Can Machine Learning Be Used to Enrich Clinical Trials?

Author: Mathangi Gopalakrishnan, MPharm, PhD, Shamir Kalaria, PharmD, PhD, and Rahul Goyal on December 01, 2022


Placebo responders, defined as subjects experiencing a clinically meaningful reduction in disease symptomology when randomized to receive placebo, is one of the major reasons of trial failure in binge eating disorder (BED) trials. Among investigator-led, randomized, placebo-controlled trials evaluating patients with BED, 50% of trials demonstrated a lack of a statistically significant separation from placebo. Enriching clinical trials by excluding placebo responders at baseline and prior to entering the double-blind period can help increase probability of BED trial success. Supervised machine learning (ML) algorithms are a set of tools that can guide model development by mapping inputs and outputs without having to explicitly program them. Given that ML can model complex non-linear relationships, continually improve, and handle large amounts of data, their usage in drug development has increased over the past decade. Through our study, we aimed to build supervised ML models to identify moderators of placebo response in patients with BED for the purpose of future trial enrichment.

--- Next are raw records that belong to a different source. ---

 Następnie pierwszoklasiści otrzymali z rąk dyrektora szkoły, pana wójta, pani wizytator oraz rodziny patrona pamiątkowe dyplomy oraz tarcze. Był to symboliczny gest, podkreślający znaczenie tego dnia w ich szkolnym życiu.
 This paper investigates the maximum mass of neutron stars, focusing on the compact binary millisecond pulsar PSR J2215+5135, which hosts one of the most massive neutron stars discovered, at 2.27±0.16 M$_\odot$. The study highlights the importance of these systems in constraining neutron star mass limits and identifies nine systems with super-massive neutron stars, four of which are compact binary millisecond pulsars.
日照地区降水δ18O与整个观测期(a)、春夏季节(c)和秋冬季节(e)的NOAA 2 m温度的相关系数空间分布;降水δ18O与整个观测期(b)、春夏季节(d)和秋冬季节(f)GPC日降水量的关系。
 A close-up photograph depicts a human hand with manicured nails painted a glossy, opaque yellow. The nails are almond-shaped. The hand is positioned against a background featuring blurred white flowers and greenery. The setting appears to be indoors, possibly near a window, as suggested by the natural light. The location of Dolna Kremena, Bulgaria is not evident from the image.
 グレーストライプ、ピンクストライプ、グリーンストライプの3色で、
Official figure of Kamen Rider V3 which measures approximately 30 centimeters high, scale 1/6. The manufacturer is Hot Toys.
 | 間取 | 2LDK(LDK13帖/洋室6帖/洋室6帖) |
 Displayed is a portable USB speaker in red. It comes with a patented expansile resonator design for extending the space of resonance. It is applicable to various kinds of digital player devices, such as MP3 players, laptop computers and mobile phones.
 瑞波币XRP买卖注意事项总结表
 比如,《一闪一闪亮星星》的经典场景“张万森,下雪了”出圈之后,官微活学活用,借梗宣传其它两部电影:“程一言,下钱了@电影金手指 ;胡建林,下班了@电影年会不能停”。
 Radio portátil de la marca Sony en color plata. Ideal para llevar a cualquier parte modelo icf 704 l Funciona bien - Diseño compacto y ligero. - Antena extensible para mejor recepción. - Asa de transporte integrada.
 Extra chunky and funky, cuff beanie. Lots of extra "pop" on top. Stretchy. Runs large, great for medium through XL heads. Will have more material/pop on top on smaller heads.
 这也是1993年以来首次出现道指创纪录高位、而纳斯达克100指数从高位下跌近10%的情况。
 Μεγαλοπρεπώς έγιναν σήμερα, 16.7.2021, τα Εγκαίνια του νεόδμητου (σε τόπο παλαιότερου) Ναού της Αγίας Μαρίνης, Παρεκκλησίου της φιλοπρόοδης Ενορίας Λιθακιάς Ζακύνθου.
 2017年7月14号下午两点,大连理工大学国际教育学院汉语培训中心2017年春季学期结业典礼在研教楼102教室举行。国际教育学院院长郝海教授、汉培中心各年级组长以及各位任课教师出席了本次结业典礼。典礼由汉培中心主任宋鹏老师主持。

Different baseline variables – current and historical diagnosis of comorbid psychiatric conditions, BED severity, and patient demographics – were used as inputs to classify a dataset of 189 subjects as placebo responder or placebo non-responder. The dataset was pooled from 12 similar investigator-led prospective clinical trials. Placebo response was defined as greater than 75% reduction in disease severity at study endpoint. Algorithms tested as part of model training (using grid search on 10-fold cross validation) were random forest, support vector machines, decision tree, logistic regression, k-nearest neighbors, Gaussian naïve Bayes (GNB), Bayesian quadratic discriminant analysis, AdaBoost, and XGBoost.

The GNB algorithm demonstrated the best mean validation performance (accuracy of 64% and Cohen’s Kappa of 0.31). On the testing dataset, the GNB model showcased 88% sensitivity and 72% accuracy which signified adequate prediction performance on unseen data. Baseline BED severity and a co-morbid diagnosis of general anxiety disorder were identified as the top two predictors of placebo response. Upon further characterization of the interaction between these two variables using Shapley analysis, we found that patients with a baseline BED severity of less than 5.5 episodes per week and no anxiety were more likely to be placebo responders as compared to others. The presented study results1 should be validated in future studies so that the application of these findings can be used to inform the inclusion/exclusion criteria of BED trials.